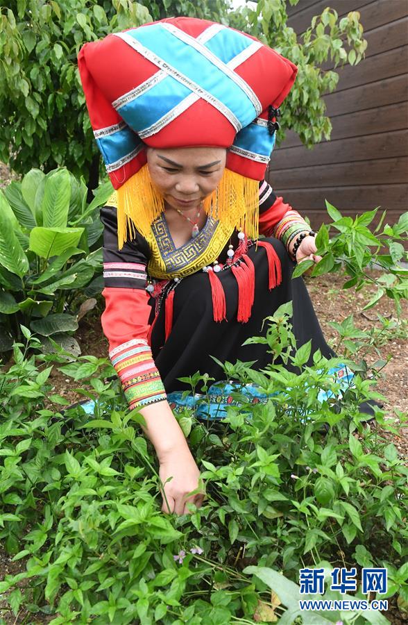 3月25日,在广西上林县巷贤镇,一名壮族女子在采摘给糯米染色所需要的植物。新华社记者陆波岸摄
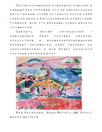В школьное время я закончила художественную школу и конечно же, картины имели отдельное место во всей моей жизни, как и картины в данном музее. Конечно же я хотела посмотреть главные экспонаты Эрмитажа, к которым относятся картины: «Мадонна Литта» Леонардо Да Винчи, «Дама в голубом» Томас Гейнсборо, «Мост Ватерлоо. Эффект тумана» Лондонский цикл Клода Моне, «Чёрный квадрат» К. С. Малевич. Но не они зажгли во мне искорку, а вовсе неприметная картина «Вид Коллиура» Анри Матисс.
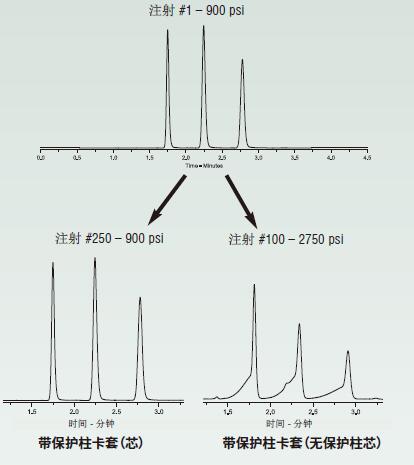 器更換后沒有解決系統(tǒng)壓力升高10%的問題,則說明應(yīng)該更換保護(hù)柱芯,也說明柱效或分辨率已經(jīng)降低了10%。)。圖13顯示了保護(hù)柱卡套(芯)在保護(hù)分析柱方面的有效性。
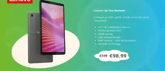 Deze Lenovo Tab One Mediatek is nu in de aanbieding bij Digitotaal. Bekijk ook andere lopende acties en bespaar met scherpe prijzen of online deals. Bestel Lenovo Tab One Mediatek via Digitotaal website of koop het product met korting in een winkel bij jou in de buurt. Op Folderz.nl verzamelen we dagelijks de beste Lenovo Tab One Mediatek aanbiedingen. Klik op het belletje om een gratis melding te ontvangen zodra er weer een nieuwe actie of prijsverlaging voor Lenovo Tab One Mediatek beschikbaar is.Veelgestelde vragen over Lenovo Tab One Mediatek
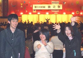 そして生徒達と有楽町の東京会館で行なわれる独立祭に出席。「参加費(11000円)のもとを取るぞ!」と
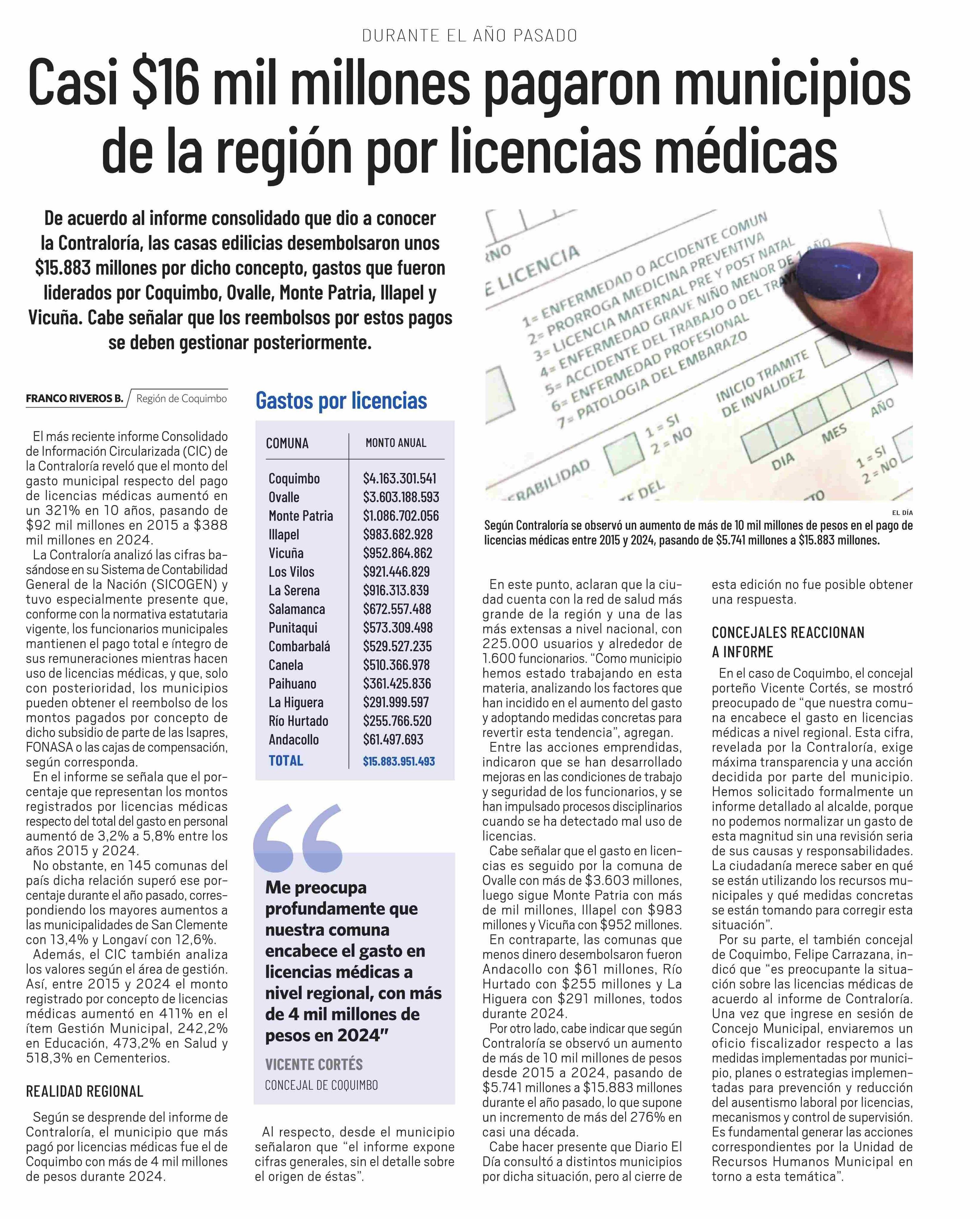 Casi $16 mil millones pagaron municipios de la región por licencias médicas 26-06-2025 El Día |
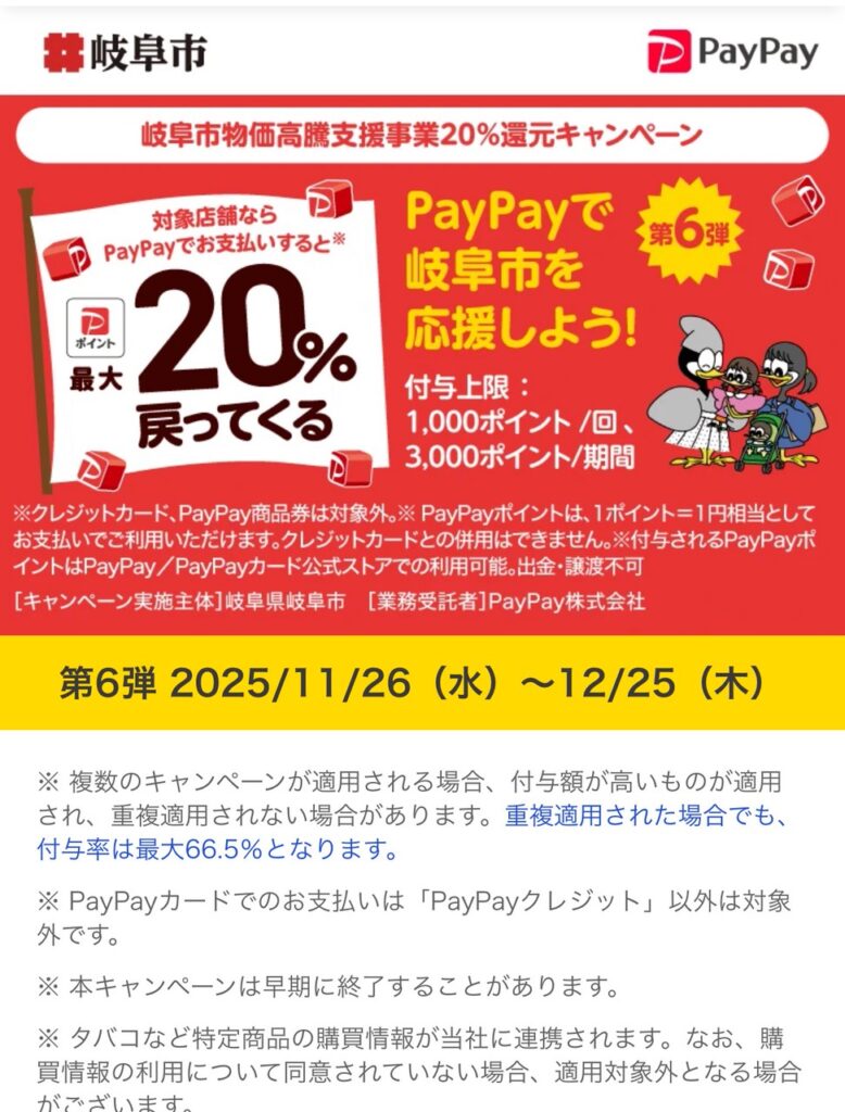 岐阜市PayPayも始まってますのでご利用下さいませ
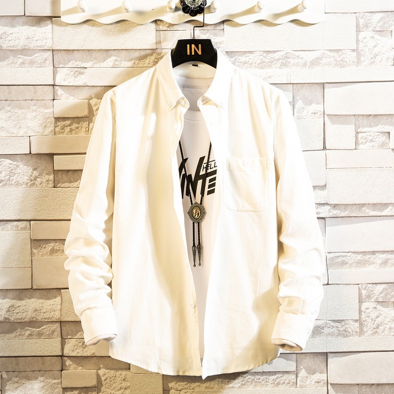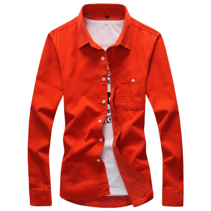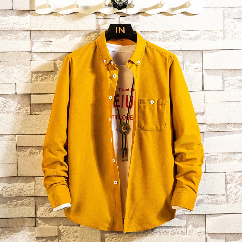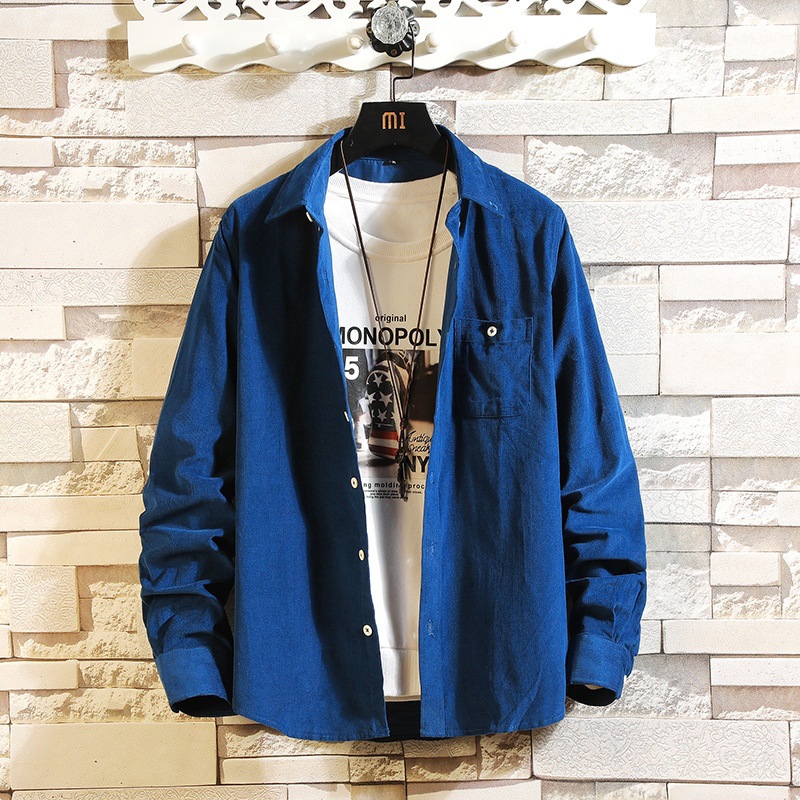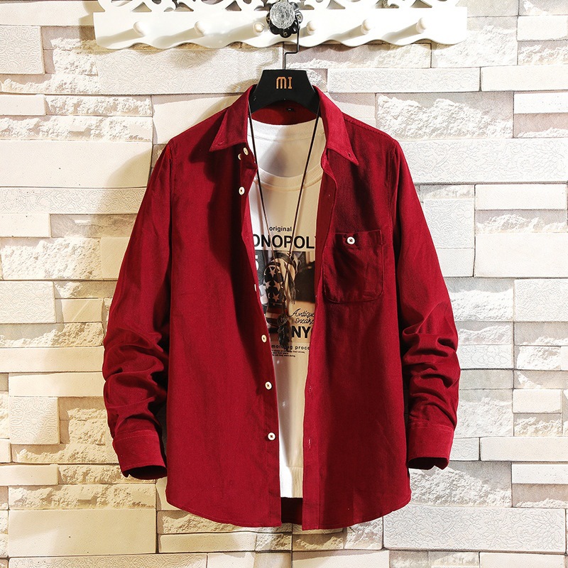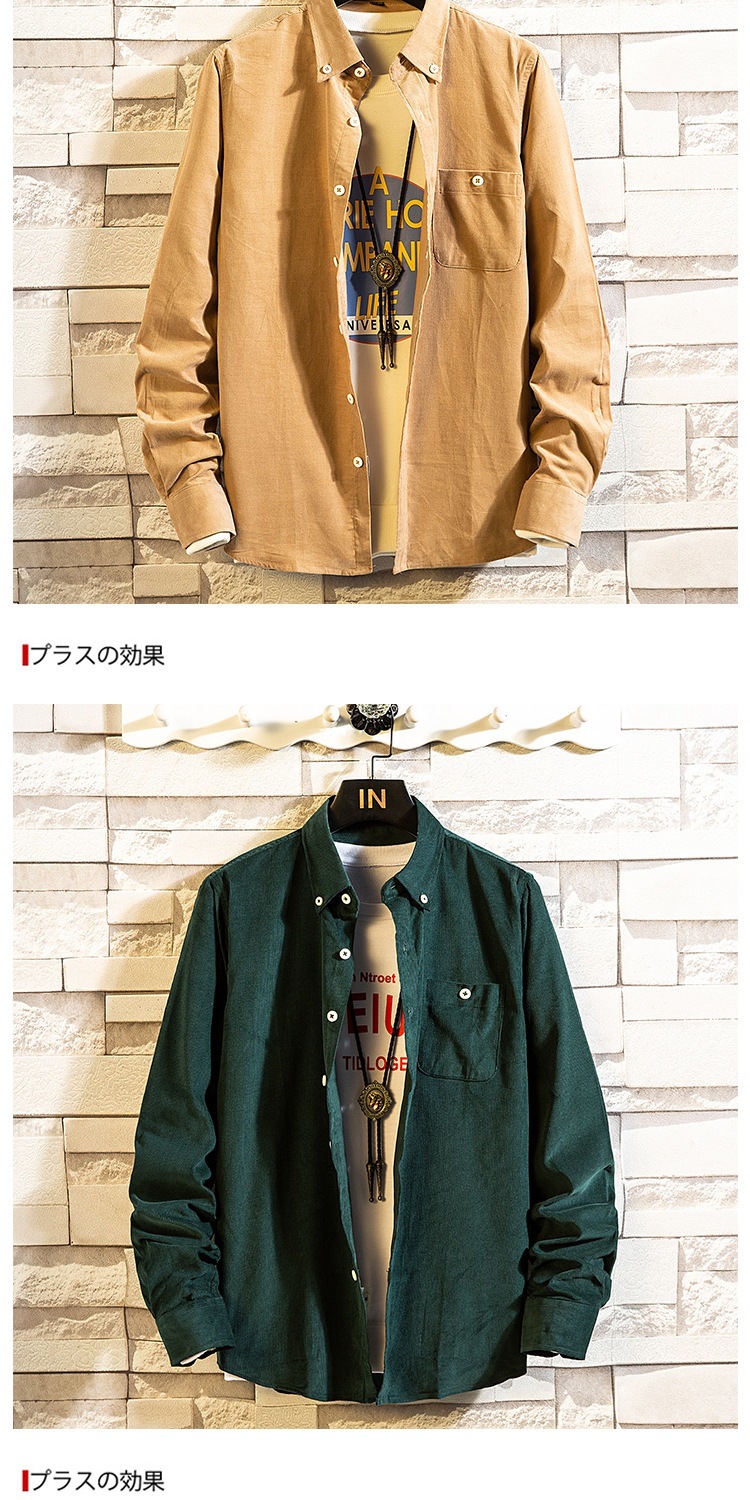 2021 새로운 도착 봄과 여름 남자의 긴 소매 셔츠 트렌디 코듀로이 셔츠 캐주얼 슬림-핏 솔리드 컬러 남성용 캐주얼 셔츠
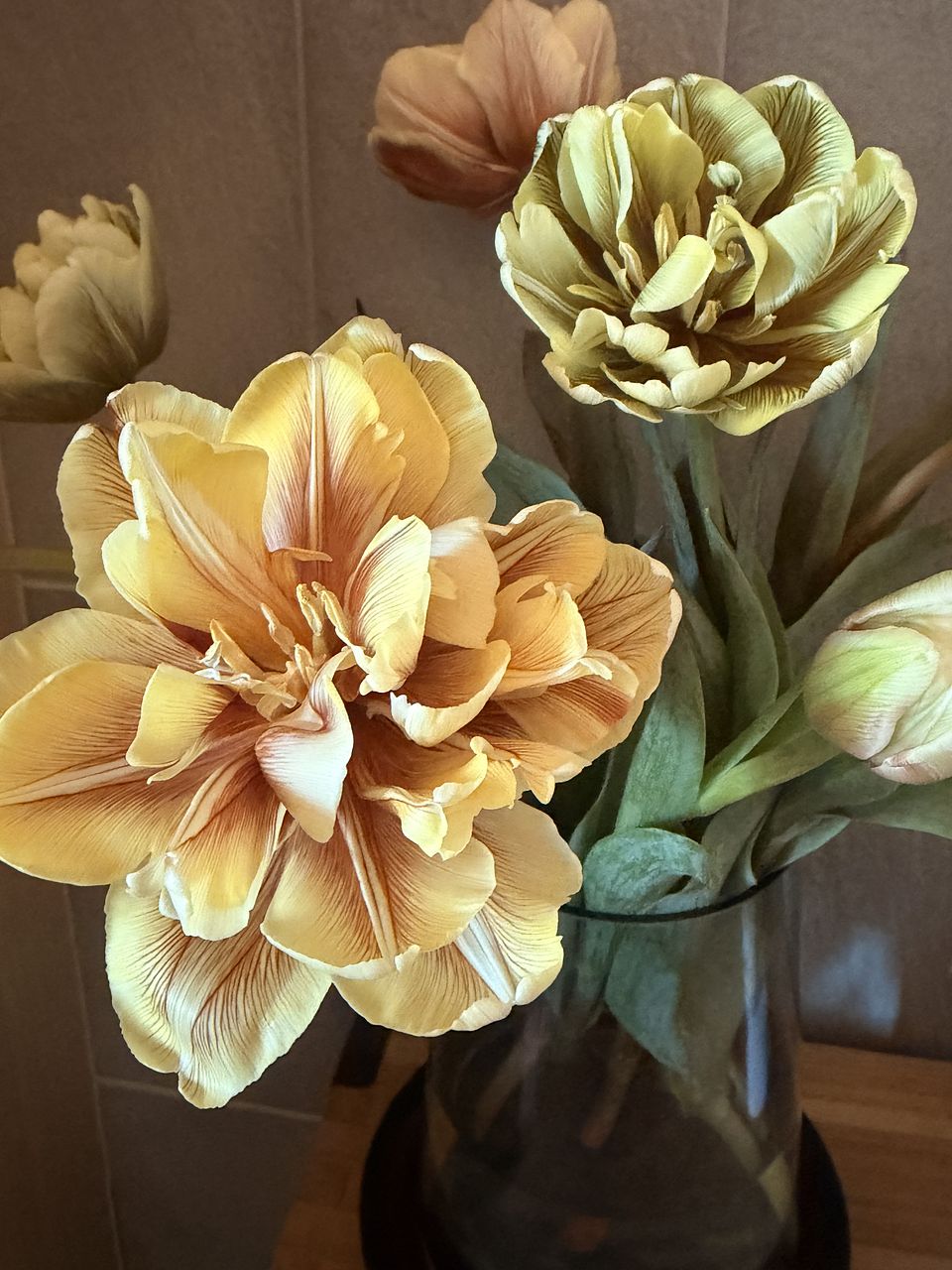 「チョコ」「モカ」「セピア」など、チョコレートカラーのチューリップを束ねました🌷
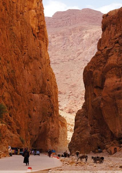 | 6. nap: Merzouga homokdűnéi és a Todra-szurdok | Korán kelünk, hogy a napfelkeltét már a sivatag dűnéin csodálhassuk meg. Reggeli után visszautazás Erfoudba terepjárókkal, majd buszra szállunk és folytatjuk utunkat Ouarzazate felé. Pálmaligetek, a vörös hegyekből kiemelkedő kasbák, berber falvak, színes ruhákba öltözött helyi asszonyok látványa kíséri utunkat a Todra szurdokig, amely Dél-Marokkó egyik legszebb látnivalója, meredek sziklafalak között hűvös völgyet rejt az út. Szállás és vacsora Ouarzazate-ban (1 éj).

########

> [Directions for this task] Although the records contain pictures, the copy should hold only their text, reproduced exactly.

> [Your solution]
 3月25日,在广西上林县巷贤镇,一名壮族女子在采摘给糯米染色所需要的植物。新华社记者陆波岸摄
В школьное время я закончила художественную школу и конечно же, картины имели отдельное место во всей моей жизни, как и картины в данном музее. Конечно же я хотела посмотреть главные экспонаты Эрмитажа, к которым относятся картины: «Мадонна Литта» Леонардо Да Винчи, «Дама в голубом» Томас Гейнсборо, «Мост Ватерлоо. Эффект тумана» Лондонский цикл Клода Моне, «Чёрный квадрат» К. С. Малевич. Но не они зажгли во мне искорку, а вовсе неприметная картина «Вид Коллиура» Анри Матисс.
 器更換后沒有解決系統(tǒng)壓力升高10%的問題,則說明應(yīng)該更換保護(hù)柱芯,也說明柱效或分辨率已經(jīng)降低了10%。)。圖13顯示了保護(hù)柱卡套(芯)在保護(hù)分析柱方面的有效性。
 Deze Lenovo Tab One Mediatek is nu in de aanbieding bij Digitotaal. Bekijk ook andere lopende acties en bespaar met scherpe prijzen of online deals. Bestel Lenovo Tab One Mediatek via Digitotaal website of koop het product met korting in een winkel bij jou in de buurt. Op Folderz.nl verzamelen we dagelijks de beste Lenovo Tab One Mediatek aanbiedingen. Klik op het belletje om een gratis melding te ontvangen zodra er weer een nieuwe actie of prijsverlaging voor Lenovo Tab One Mediatek beschikbaar is.Veelgestelde vragen over Lenovo Tab One Mediatek
 そして生徒達と有楽町の東京会館で行なわれる独立祭に出席。「参加費(11000円)のもとを取るぞ!」と
 Casi $16 mil millones pagaron municipios de la región por licencias médicas 26-06-2025 El Día |
 岐阜市PayPayも始まってますのでご利用下さいませ
 2021 새로운 도착 봄과 여름 남자의 긴 소매 셔츠 트렌디 코듀로이 셔츠 캐주얼 슬림-핏 솔리드 컬러 남성용 캐주얼 셔츠
 「チョコ」「モカ」「セピア」など、チョコレートカラーのチューリップを束ねました🌷
 | 6. nap: Merzouga homokdűnéi és a Todra-szurdok | Korán kelünk, hogy a napfelkeltét már a sivatag dűnéin csodálhassuk meg. Reggeli után visszautazás Erfoudba terepjárókkal, majd buszra szállunk és folytatjuk utunkat Ouarzazate felé. Pálmaligetek, a vörös hegyekből kiemelkedő kasbák, berber falvak, színes ruhákba öltözött helyi asszonyok látványa kíséri utunkat a Todra szurdokig, amely Dél-Marokkó egyik legszebb látnivalója, meredek sziklafalak között hűvös völgyet rejt az út. Szállás és vacsora Ouarzazate-ban (1 éj).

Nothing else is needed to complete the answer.